CHAPTER VI – Monastic Supremacy, pages 64-82

1. Patronato real was the royal authority over the Spanish Church. It is the authority given by the pope to the king of
Spain to determine the limits of mission territories and to have a voice in the assignment of missionaries.

2. Augustinians arrived with Legazpi. They were the first religious orders in the islands. They tried to prevent
the coming of other religious orders.

3. When the Franciscans, the Jesuits, the Dominicans and finally the Recollects came, they had to be assigned
to different regions to prevent quarrels among them.

4. As missionaries, religious orders were not supposed to own lands. However, the pope temporarily revoked
their monastic vows so that they could accomplish their missions until such time that a secular clergy was available
in sufficient numbers to take their place. This allowed the religious orders to amass large tracts of land.

5. The friars became absentee landlords. Supervision of their lands was usually entrusted to a lay brother of the
order. The estate is parceled out to inquilinos (lesses), who themselves had kasama (sub-tenants) to work the land.

6. The inquilinos are middle men. They do not work on the land. They paid a fixed lease or canon in money or in kind.

7. The kasama (sub-tenants) were the ones paying the fixed rent. They get half of the harvest after the fixed rent
was deducted while the inquilino, the middle man, received the other half.

8. Like the the cabeza de barangay and the gobernadorcillo, the inquilino facilitated the exactions of his master.
While the cabeza de barangay and the gobernadorcillio were political intermediaries, the inquilino
was the economic intermediary who shared in the benefits of exploitation.

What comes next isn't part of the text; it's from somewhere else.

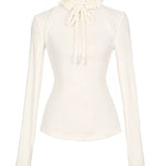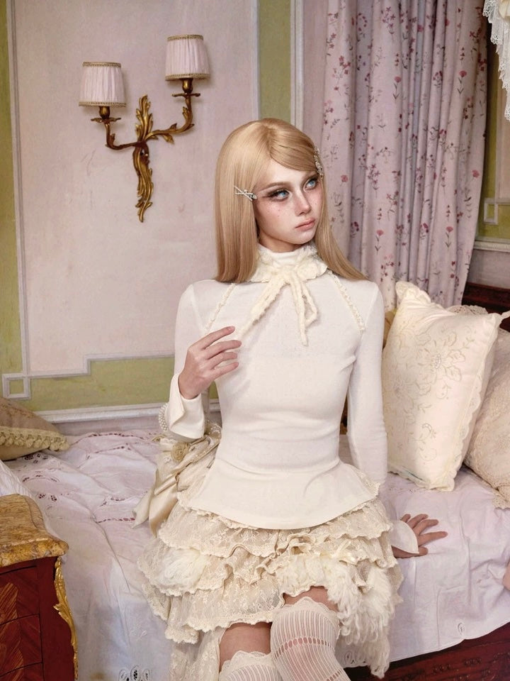 Inspired by classic winter heirloom fashion, blending soft milk-ivory tones with delicate knitted textures. The rib-knit fabric provides a light, breathable fit while maintaining warmth, and adds a romantic decorative element reminiscent of vintage aristocratic attire.

9. Governors complained of the abuses of the clergy and appealed to the Spanish monarch to curtail their powers.
Friars had grown more powerful than the Crown’s representatives.

10. Fernando Manuel de Bustillo Bustamante y Rueda served as the 37th Governor General of Spanish Philippines
from 1717 until his death in 1719. He was assassinated by friars who forced their way into the governor’s palace
and stabbed Bustamante to death.

He came in conflict with the Church when he investigated the excessive borrowing of the friars from the obras pias
and ordered them to return the money. He had the Archbishop of Manila Francisco de la Cuesta arrested
and imprisoned on charges of having conspired against the government.

11. Friars perpetuated the Spanish rule by appealing to the faith of their converts. They were able to exact obedience
due to awe and fear of God.

12. Excesses and abuses of the friars turned the Church from an accessory to the principal apparatus of colonial
appropriation and exploitation.

13. Hostility against the friars grew with the common experience among the natives of economic exploitation
by the friars to the point of violently demanding for their expulsion.